The Old Red Truck



After I left the Chicago I was stationed at the Naval Air Station, Pt. Mugu. I worked in the Air Traffic Control Facility maintaining RADAR and communications systems, as well as the antique ATC computers. It’s one of the reasons I am terrified to fly commercial airlines!

But anyway, on to my seastory.

Point Mugu was an interesting base. We were part of the Pacific Missile Test Range, where weapons systems were fitted and tested on new aircraft. So we always were the first to receive the newest of the new. The very first F/A-18 Hornets were on base for testing, doing touch-and-go’s and other airplane testing things... We also had, believe it or not, a collection of F-86 Saber Jets! These were painted orange and flown by remote control as TARGETS for missile tests. And we had C-130 cargo planes coming and going back and forth to Antarctica, since we were involved with supporting McMurdo and operation deep-freeze. Then there were helicopters flying around picking up the splash-downed missile targets, and the test missiles themselves being fired, both from aircraft and from ground based launchers... It was a busy place!

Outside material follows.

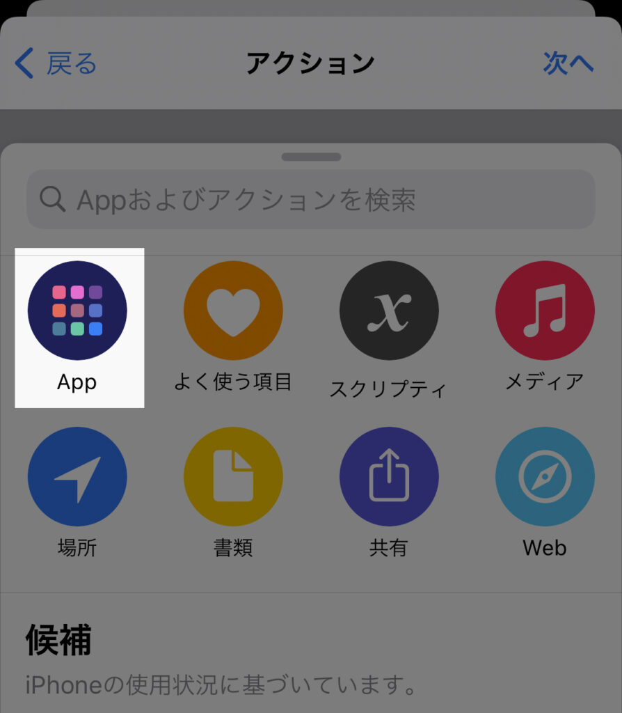 Appがあるのでこれを押すとショートカット対応アプリ一覧が表示されます。

ET2 Dave Bowman was an odd duck, to say the least. He drove an old old (like, 1950’s vintage) pickup truck that he one day planned to restore but at present was just an old old old truck. Dave had a girlfriend whom he would pick up from work after hours on his way home in his old old old red and primer gray pickup truck.

We worked out of an office and ET shop in a building at the base of the control tower, located, of course, next to the tarmac at the edge of the airfield. To get to the air traffic control facility you would drive in the main gate into the "center" of the base, where the exchange and housing was located, then sort of double back around the end of the runways and over to the "business end" of the base.

I lived on base and usually rode my bicycle to work. One day I rode into the parking lot and noticed that Dave’s distinctive truck was just leaving! Well that concerned me, since Dave and I were scheduled to do some RADAR maintenance work that morning. I went inside to find Dave waiting for me. I didn’t think much about his truck driving away after that. We did our scheduled work, and after lunch I got busy doing something else... Well, right around 1700, just as I was getting ready to leave, I heard this absolutely frantic air traffic controller yelling into the PA system. "Petty Officer Bowman, call the control tower, IMMEDIATELY!!" Bowman, I noticed was standing by the main door to the ATCF lobby looking up the road, apparently waiting for his ride. Dave, like most other ET’s at the facility was used to hearing controllers yelling and screaming. We never let it bother us, controllers being on the excitable side by their nature. Anyway, I watched Dave amble over to a telephone to call the tower. He was in no particular rush, since he could see that his red truck was nowhere in sight. So we were both rather surprised to see Dave’s girlfriend and his distinctive truck pull up in front of the door just a few moments later. And oddly enough she was turned around and facing the exit! Now how did she do that??? Then it dawned on us. The truck appearing out of nowhere, frantic controllers in the tower—She drove across the runway!!! It seems Dave’s girlfriend got a bit turned around driving on base, but she knew that her boyfriend worked in the building under that tall tower, so she looked for it, and then just drove across that big wide road to get to it. What was all the excitement about???

To hear the controllers talk about it, she skirted death by the slimmest of margins. They say there were aircraft backed up for ten miles lined up to land after a busy day at a busy base. Apparently some F-18 on final had to "go around" due to the ratty old red pick-up truck crossing the active runway. Pilots (another one of those excitable people) seem to get upset about things like that. Dave’s girlfriend just never got what all the excitement was about. She said she was "real careful to look both ways" before she crossed that wide road. Dave got a lecture from the Commander, but really, what could anyone do? Dave promised never to let the girl drive his truck on base again, and that was that.